Unsatisfied basic needs
We have finally reached the third reason that is commonplace. If a woman does all the household chores, works and doesn’t have time for herself, she may not meet her basic needs. She does not get enough sleep; she suffers from anxiety, fusses and rushes somewhere. Such a lifestyle and pressure don’t allow her to relax and enjoy sexual intercourse. Thus, it would be useful to slow down a bit, make a bubble bath, read an interesting book and turn off the restless mind.
Lack of trust
The next possible reason can be connected with the inability to build close and trusting relationships with a partner. To build a healthy and happy relationship, both partners should be able to talk about their erotic fantasies, discuss anxiety, feel closeness, trust, understanding and desire for deeper experiences with each other. If a woman cannot trust her partner for a reason, she should get the essence of this issue and cope with it. Otherwise, their sexual relations will hardly work out and bring satisfaction.
Fixation on adult films
The fifth reason is surely known to many, and it sounds like a desire to be like a porn actress. It would be easy to say that there is no need to repeat porn films, but let’s sort things out first. Yes, you can watch porn, listen to the response of your body and turn on your fantasy. There is nothing wrong about it, and such an experience can be even useful. However, you shouldn’t mindlessly repeat all the movements, actions and words of a porn actress. To experience arousal, a woman should know and feel what things excite her.
The connection between body and desire
It is worth remembering that a woman’s libido is connected with the quality of relations with herself, her partner, her role in society, a feeling of comfort, security, and satisfaction.
And it is also necessary to separate a woman’s emotional and physical satisfaction. In most cases, a woman perceives sex as emotional interaction. Thus, for example, if there is no foreplay or flirting, a woman may be bored. She may even feel an orgasm, but there are not enough emotions, so she still feels dissatisfaction. Foreplay is an integral part of sexual intercourse.

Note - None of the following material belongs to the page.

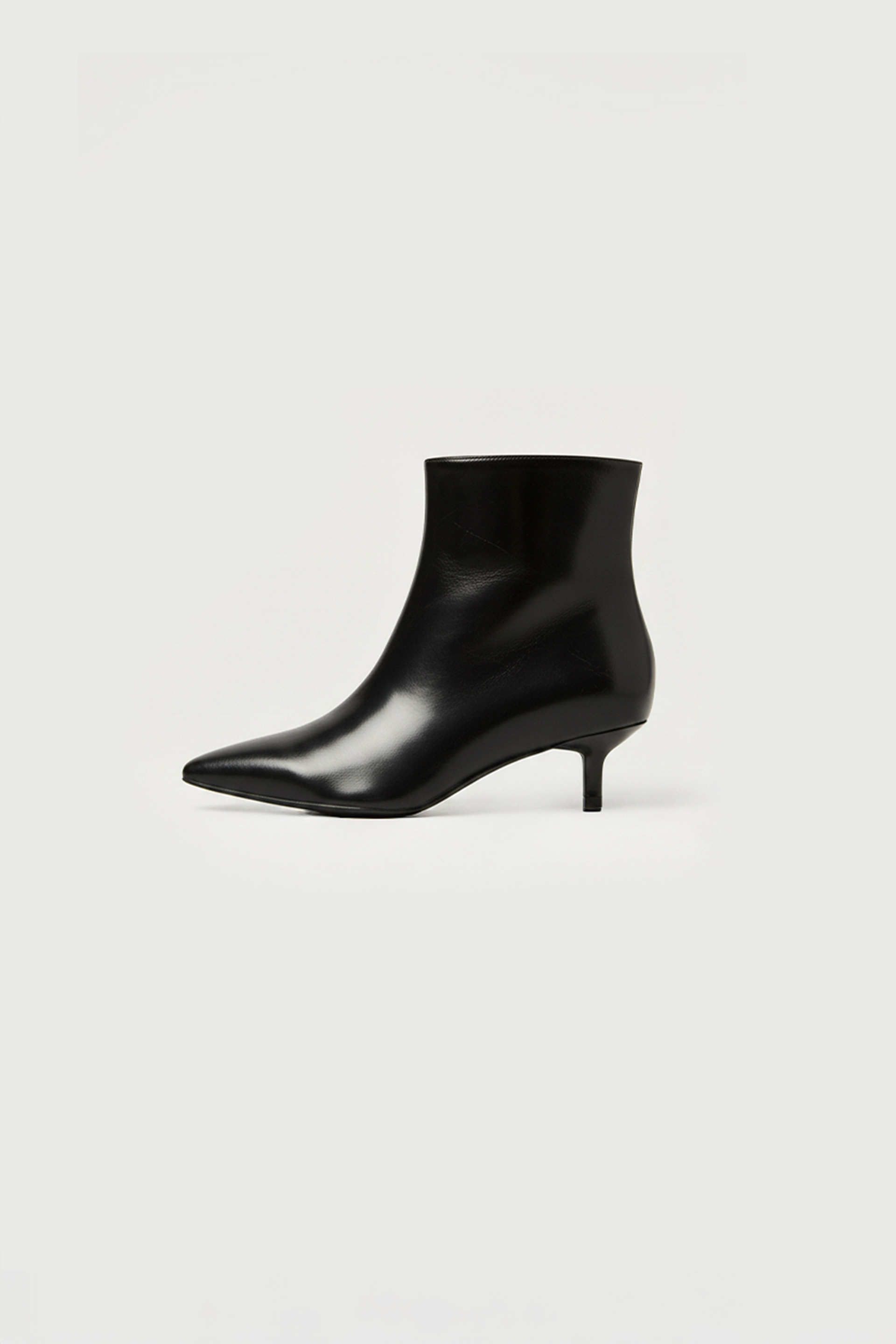 Bota caña baja efecto cuero brilloso. Con recorte central, taco bajo y punta estilizada para un look moderno y elegante. Altura taco: 5,5 cm
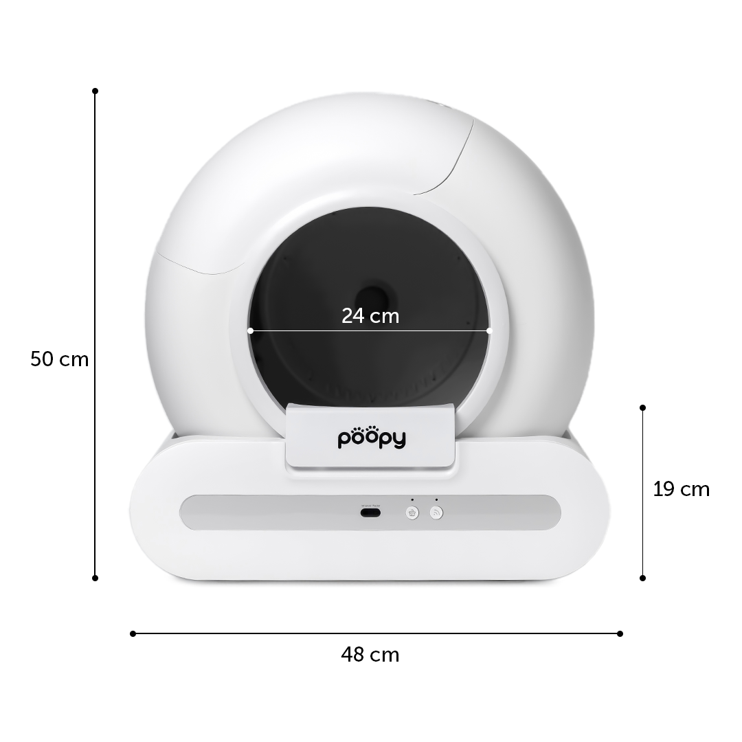 En bref : 1 Poopy Nano 2 est idéal pour 1 à 3 chats. Si tu as 4 chats ou plus, nous te recommandons d'envisager un Poopy supplémentaire pour plus de commodité.

Psychological and physical issues
There are also psychological reasons for frigidity. For example, if a woman was raped or experienced psychological trauma, she may suffer from a fixation on the expectation of pain. The woman understands that the partner is beloved and never hurts her, but her brain continues to repeat the scenes of the past traumatic situation. In such a case, it is worth turning to a qualified psychologist to deal with the issue.
Also, frigidity can appear due to various disorders of the endocrine system, drug addiction, gynecological diseases, dysfunction of the genital organs, and others. In this case, it is also worth contacting a specialist. However, there is a small percentage of such cases. Usually, all women who do not experience orgasm are called frigid. Nonetheless, every woman can get satisfaction from her sexual life if she learns what things can bring her pleasure.